The GoShogun previews screening made me feel super nostalgic.
The previews got progressively sillier but as I kept watching, by the last preview I realized that it had concluded seriously (via Sabarath’s narration).
Next was the main event: the panel.
It started with each panelist introducing themselves and describing their relationship with Shudo.
- I was in charge of Takeshi’s novels for Animage.
- We had a shared feeling of wanting to inform later generations of Takeshi’s work, and organized this event for this purpose.
- Since the decline of Yamato and Gundam in the mid-80s, Takeshi was a writer of remarkable creativity that pushed the anime world further.
- I have fond memories of studying films with Takeshi at this very venue, Ikebukuro Bungeiza. I’m honored that this event is hosted here.
- I have worked with Takeshi since Isabelle of Paris. Until then, there were many actresses that were merely cute like the modern-day AKB48 idols. Those actresses were sought only for their cuteness factor. Isabelle of Paris is a drama series concerning the sociable main character Isabelle, who is a strong, self-sufficient woman. I learned a lot from this role and my versatility as an actor widened. Takeshi is one of the individuals that has influenced me the most.
Afterwards, at first one by one each person recounted their individual experiences with Shudo but different panelists would chime in from time to time. It eventually became a discussion among the guests. Hence, as best as I can remember I have listed their respective remarks in bullet point form.

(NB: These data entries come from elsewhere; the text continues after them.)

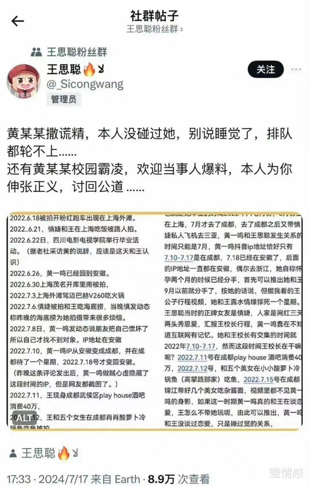 源于7月17号外网上有个昵称为“王思聪”的账号,发布了一条辟谣信息,措辞相当难听,简直把黄一鸣变得一文不值。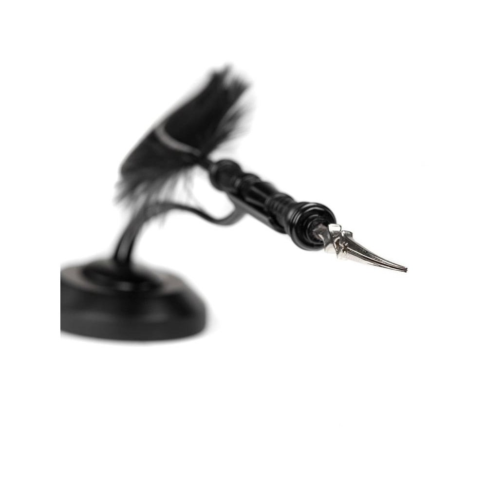 Inkoust nebudete potřebovat,“ odpověděla profesorka Umbridgeová se sotva znatelným podbarvením smíchu v hlase. Harry tedy přiložil hrot brku k papíru a napsal: Nemám vykládat lži. Překvapeně vyjekl bolestí. Slova se na pergamenu objevila, jako by byla napsána zářivě červeným inkoustem. Současně se tatáž slova objevila na hřbetu Harryho pravé ruky, vrytá do jeho kůže, jako by mu po ní někdo přejel skalpelem Brk věčně se usmívající, ale přesto nesnesitelné a neoblíbené Dolores Umbridgeové. Autentická replika mučícího nástroje pro neposlušné žáky Bradavic podle filmového zpracování díla J. Rowlingové - Harry Potter.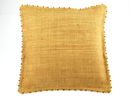 Poszewka na poduszkę wykonana z rafii, zapinana na zamek. W ciepłym, miodowym kolorze ozdobiona drobnymi koralikami z drewna. Ciekawy akcent orientalnej dekoracji w Twoim domu.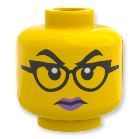 LEGO Minifiguren Kopf - 4210 Doppelseitig - weiblich schwarze Augenbrauen und Brille Medium Lavendel Lippen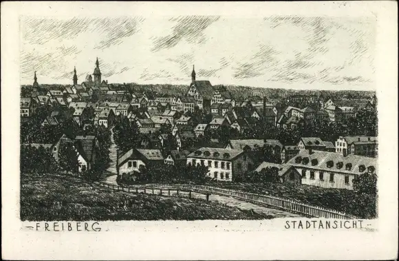 Künstler Ak Freiberg in Sachsen, Stadtansicht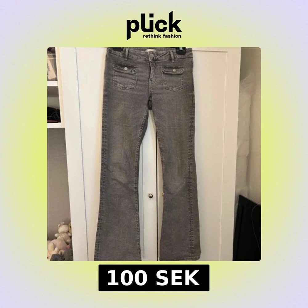 Snygga grå jeans från Gina Tricot med bootcut-modell. Byxorna har framfickor med lock och knapp, samt klassiska bakfickor. Perfekta för dig som gillar en lite utsvängd stil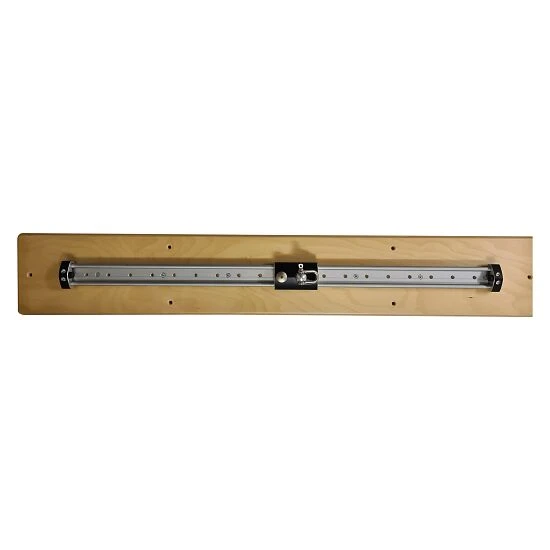 Schienenmodul für die Pfostenmontage. Komplett mit Schlitten, Endstücken, vormontiert auf Dreiecksleiste. Maße: 100×5,5 cm.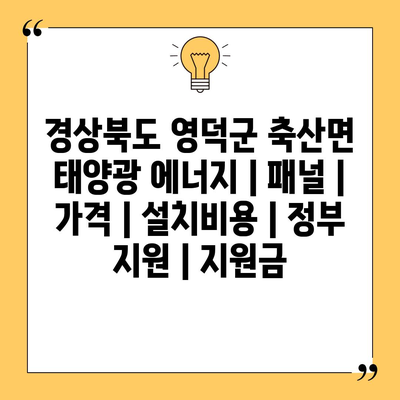 경상북도 영덕군 축산면 태양광 에너지 | 패널 | 가격 | 설치비용 | 정부 지원 | 지원금 에 대해 자주 묻는 질문 TOP 5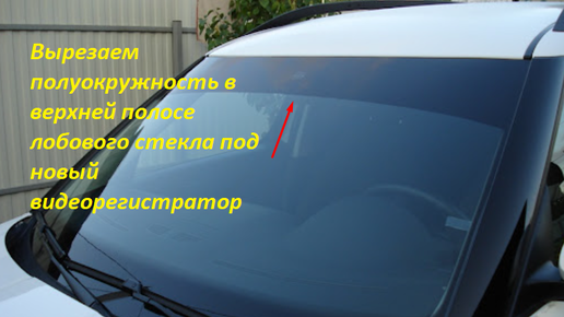Вырезаем полуокружность в верхней полосе лобового стекла под новый видеорегистратор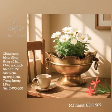 Chậu bằng đồng miệng uốn lượn với hai quai khoen tròn. Chậu trưng hoa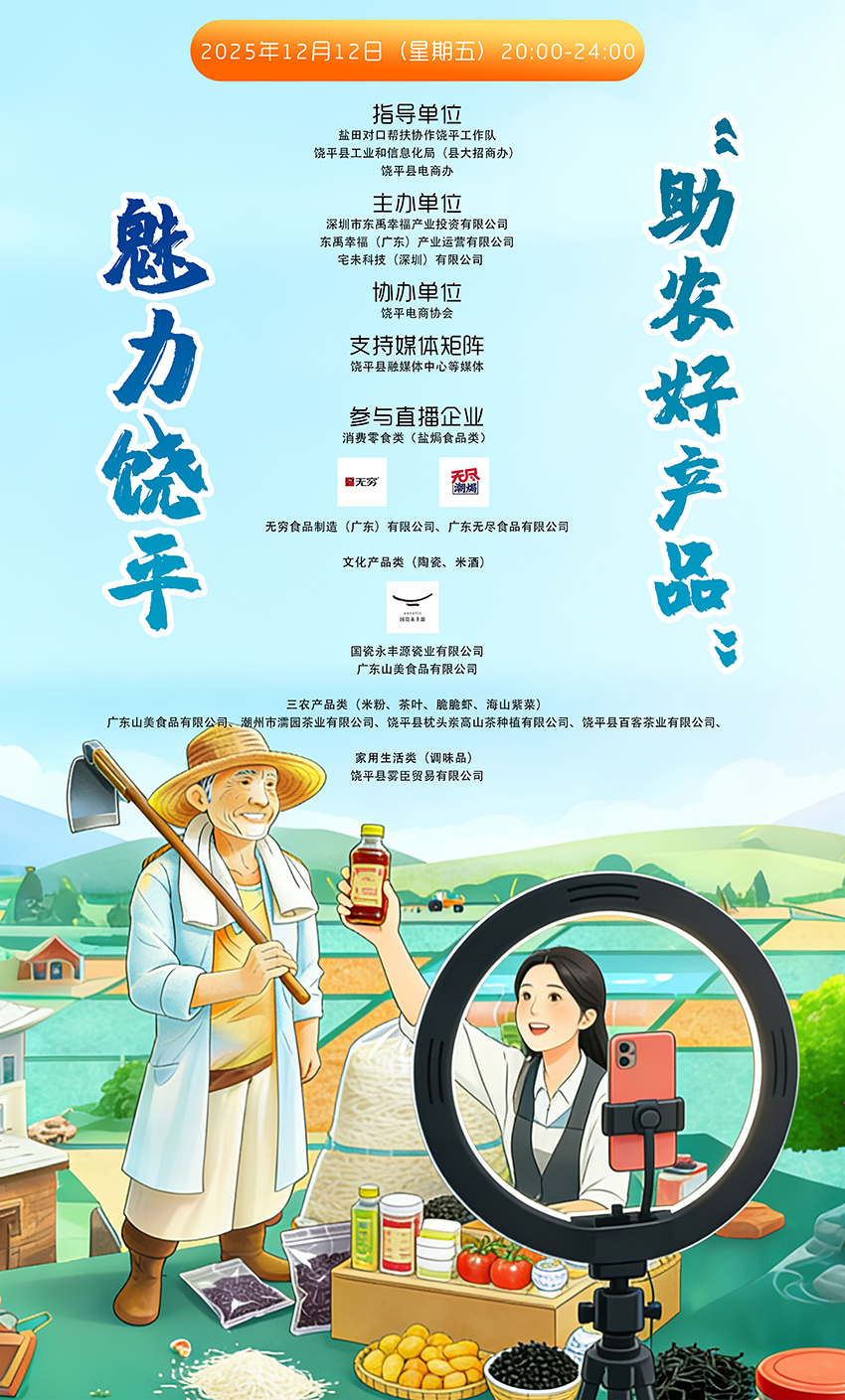为进一步推动乡村振兴,助力农产品上行,在盐田对口帮扶协作饶平工作队和饶平县工业和信息化局(县大招商办)及饶平县电商办指导下,深圳市东禹幸福产业投资有限公司携手宅未科技(深圳)有限公司,联合饶平电商协会,将于12月12日举办“‘魅力饶平·助农好产品’电商直播饶平专场暨线上选品对接会”活动。

- The first job I had working with Takeshi was a fairly old work called Baldios. Getting cut off at the first half of the two part story was earth-shattering. (I think he’s talking about Prelude for Destruction) 
The first time I was in charge of both storyboards and episode direction for one of Takeshi’s scripts was for the second half of a two part story. (I think he’s talking about Resurrected Demon) 
Although that was the first time I adapted Takeshi’s script into storyboards, I really felt that there was a unique tempo that no other screenwriter had.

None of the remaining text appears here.